→ Description of the task
Print the data exactly as written, but leave out each picture.
***** Record excerpts *****
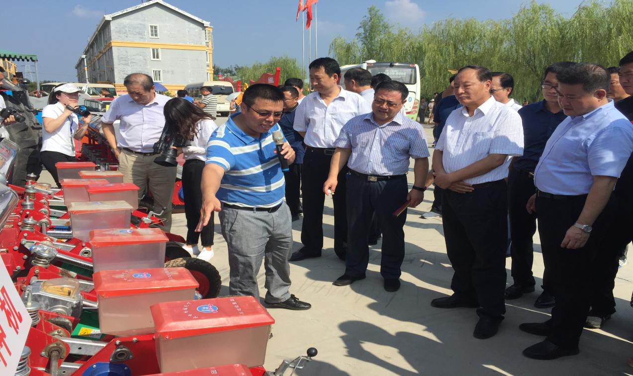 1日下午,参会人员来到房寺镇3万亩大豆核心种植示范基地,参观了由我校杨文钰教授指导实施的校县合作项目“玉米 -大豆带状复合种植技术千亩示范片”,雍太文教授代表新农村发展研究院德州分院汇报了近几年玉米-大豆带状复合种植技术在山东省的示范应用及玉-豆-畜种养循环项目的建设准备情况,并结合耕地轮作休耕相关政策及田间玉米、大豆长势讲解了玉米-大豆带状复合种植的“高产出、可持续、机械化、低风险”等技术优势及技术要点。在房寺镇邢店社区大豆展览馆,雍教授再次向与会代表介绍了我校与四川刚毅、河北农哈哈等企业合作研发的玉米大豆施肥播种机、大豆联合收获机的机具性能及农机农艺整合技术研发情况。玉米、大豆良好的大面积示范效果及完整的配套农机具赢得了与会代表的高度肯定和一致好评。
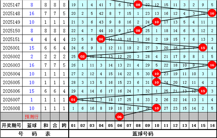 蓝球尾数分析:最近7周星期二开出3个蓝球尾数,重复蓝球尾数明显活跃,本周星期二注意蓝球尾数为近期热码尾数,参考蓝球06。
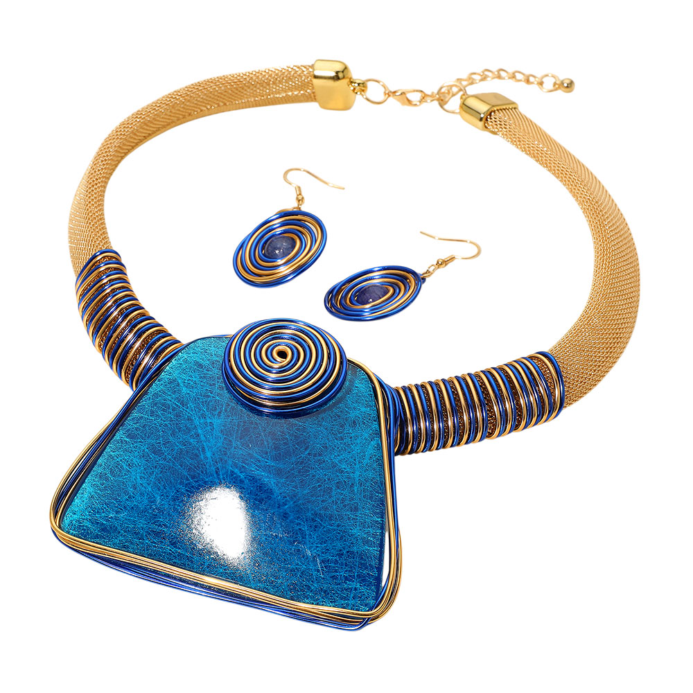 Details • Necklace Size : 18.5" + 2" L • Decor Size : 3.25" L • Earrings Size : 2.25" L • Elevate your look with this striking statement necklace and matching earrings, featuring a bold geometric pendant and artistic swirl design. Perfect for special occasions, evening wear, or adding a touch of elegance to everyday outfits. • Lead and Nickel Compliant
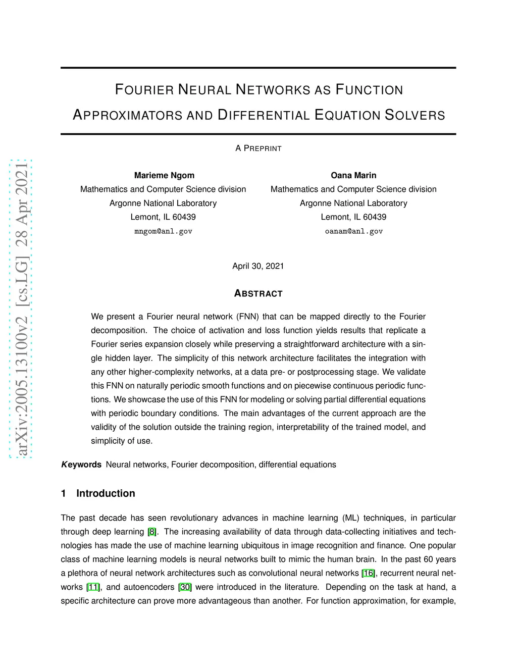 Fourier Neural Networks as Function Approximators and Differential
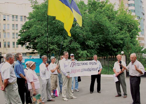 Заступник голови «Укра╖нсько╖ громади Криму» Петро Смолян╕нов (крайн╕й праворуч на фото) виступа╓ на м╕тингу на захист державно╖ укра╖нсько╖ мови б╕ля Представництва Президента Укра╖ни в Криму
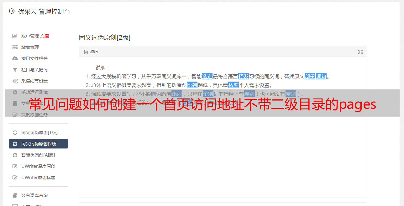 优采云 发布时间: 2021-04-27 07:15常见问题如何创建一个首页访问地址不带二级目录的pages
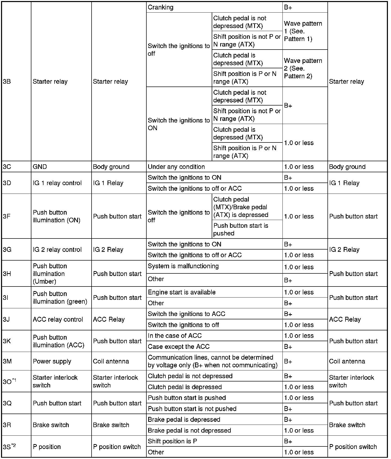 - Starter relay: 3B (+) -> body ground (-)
*****
→ Response to this exercise
 1日下午,参会人员来到房寺镇3万亩大豆核心种植示范基地,参观了由我校杨文钰教授指导实施的校县合作项目“玉米 -大豆带状复合种植技术千亩示范片”,雍太文教授代表新农村发展研究院德州分院汇报了近几年玉米-大豆带状复合种植技术在山东省的示范应用及玉-豆-畜种养循环项目的建设准备情况,并结合耕地轮作休耕相关政策及田间玉米、大豆长势讲解了玉米-大豆带状复合种植的“高产出、可持续、机械化、低风险”等技术优势及技术要点。在房寺镇邢店社区大豆展览馆,雍教授再次向与会代表介绍了我校与四川刚毅、河北农哈哈等企业合作研发的玉米大豆施肥播种机、大豆联合收获机的机具性能及农机农艺整合技术研发情况。玉米、大豆良好的大面积示范效果及完整的配套农机具赢得了与会代表的高度肯定和一致好评。
 蓝球尾数分析:最近7周星期二开出3个蓝球尾数,重复蓝球尾数明显活跃,本周星期二注意蓝球尾数为近期热码尾数,参考蓝球06。
 Details • Necklace Size : 18.5" + 2" L • Decor Size : 3.25" L • Earrings Size : 2.25" L • Elevate your look with this striking statement necklace and matching earrings, featuring a bold geometric pendant and artistic swirl design. Perfect for special occasions, evening wear, or adding a touch of elegance to everyday outfits. • Lead and Nickel Compliant
 Fourier Neural Networks as Function Approximators and Differential
 Заступник голови «Укра╖нсько╖ громади Криму» Петро Смолян╕нов (крайн╕й праворуч на фото) виступа╓ на м╕тингу на захист державно╖ укра╖нсько╖ мови б╕ля Представництва Президента Укра╖ни в Криму
 优采云 发布时间: 2021-04-27 07:15常见问题如何创建一个首页访问地址不带二级目录的pages
 - Starter relay: 3B (+) -> body ground (-)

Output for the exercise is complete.